When you reproduce the listing, keep every word as it is and drop the pictures.
(DATASET SECTION begins)
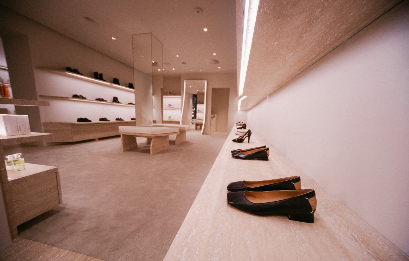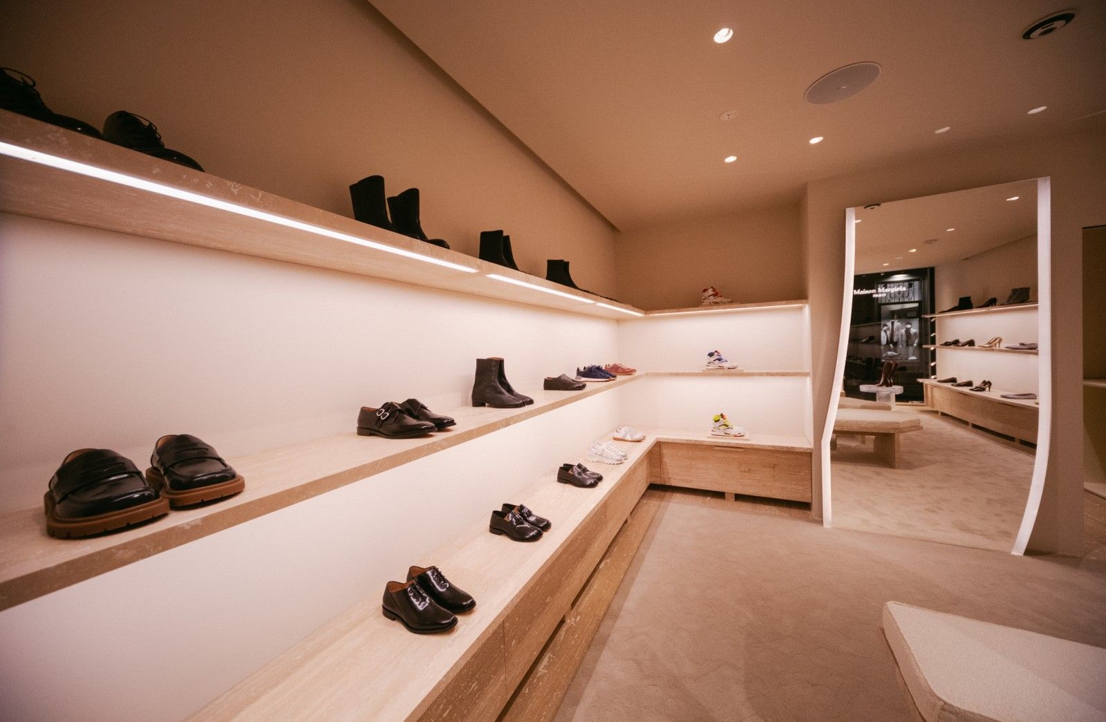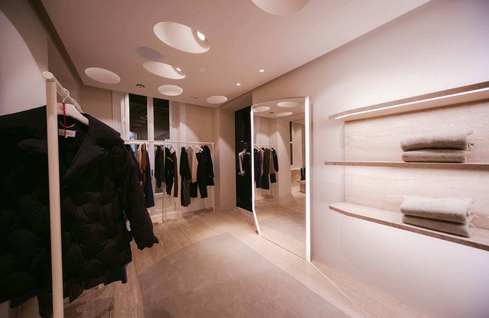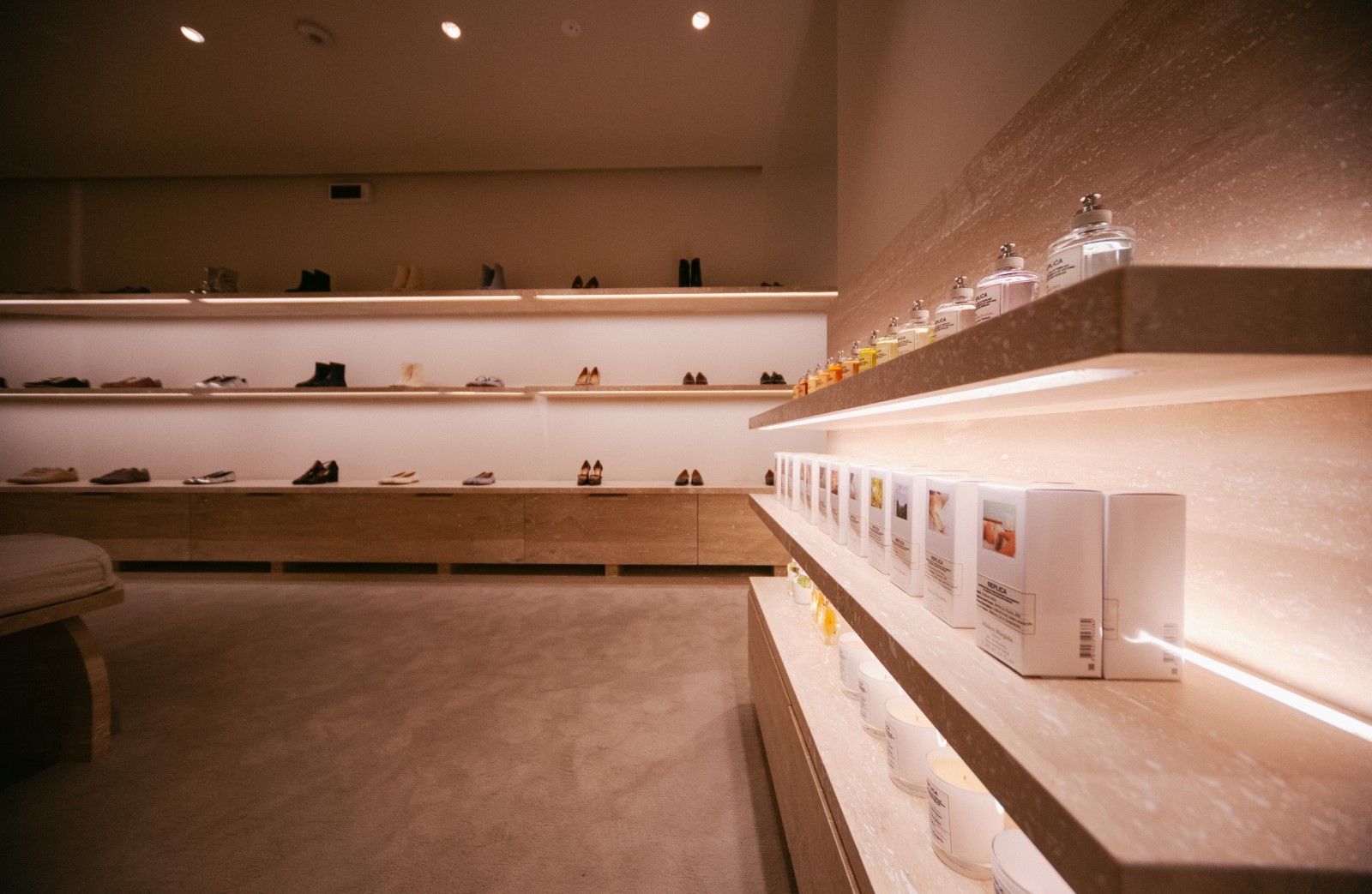Le pareti all’interno, mantenute nella tonalità naturale del gesso, riflettono gli anonimati delle fodere interne trasformando in decor la filosofia della maison e in particolare il colore bianco tipico di Margiela – così come il suo interesse verso la decostruzione. Il tema della decostruzione torna anche negli arredi, e nello specifico nei mobili Misfit progettati per ricordare oggetti classici e riconoscibili, ma ri-concettualizzati nella loro forma. La tecnica del décortiqué viene applicata su scaffali, tavoli da esposizione e sedute intagliate in travertino tinto, le cui rientranze naturali sono riempite con resina epossidica in contrasto con il colore bianco. I soffitti e i camerini, invece, i luoghi più intimi della boutique, hanno pareti rivestite da diversi strati di vernice spazzolata a mano di colore verde scuro che crea una profonda lucentezza che riecheggia negli armadietti in lacca giapponese.
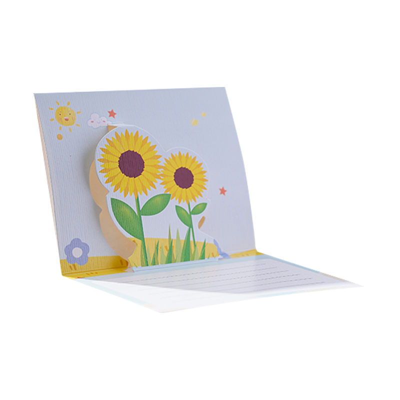 这是一款立体的小贺卡,可以定制不同的图案,像兔子、熊猫、向日葵等,可爱有趣,下面的部分可以写文字,支持定制免费设计
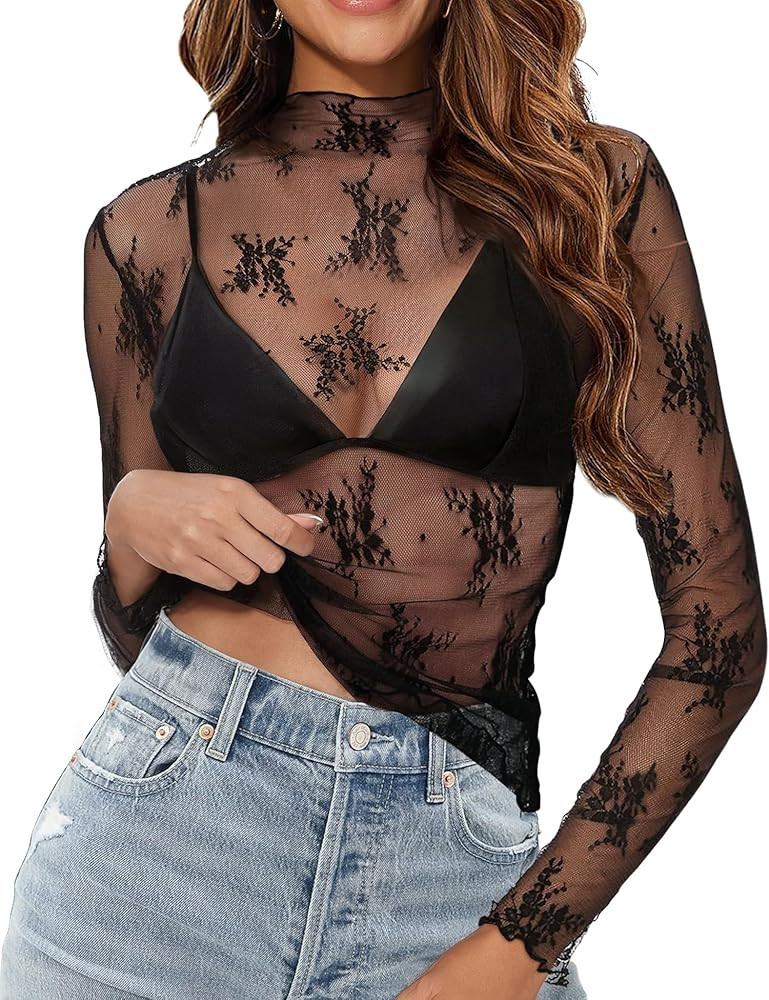 Women Mesh Top Long Sleeve Layering Top Mock Neck Sheer Lace Top See Through Floral Sheer Blouse
(DATASET SECTION ends)
◆ **TASK SOLUTION**:
Le pareti all’interno, mantenute nella tonalità naturale del gesso, riflettono gli anonimati delle fodere interne trasformando in decor la filosofia della maison e in particolare il colore bianco tipico di Margiela – così come il suo interesse verso la decostruzione. Il tema della decostruzione torna anche negli arredi, e nello specifico nei mobili Misfit progettati per ricordare oggetti classici e riconoscibili, ma ri-concettualizzati nella loro forma. La tecnica del décortiqué viene applicata su scaffali, tavoli da esposizione e sedute intagliate in travertino tinto, le cui rientranze naturali sono riempite con resina epossidica in contrasto con il colore bianco. I soffitti e i camerini, invece, i luoghi più intimi della boutique, hanno pareti rivestite da diversi strati di vernice spazzolata a mano di colore verde scuro che crea una profonda lucentezza che riecheggia negli armadietti in lacca giapponese.
 这是一款立体的小贺卡,可以定制不同的图案,像兔子、熊猫、向日葵等,可爱有趣,下面的部分可以写文字,支持定制免费设计
 Women Mesh Top Long Sleeve Layering Top Mock Neck Sheer Lace Top See Through Floral Sheer Blouse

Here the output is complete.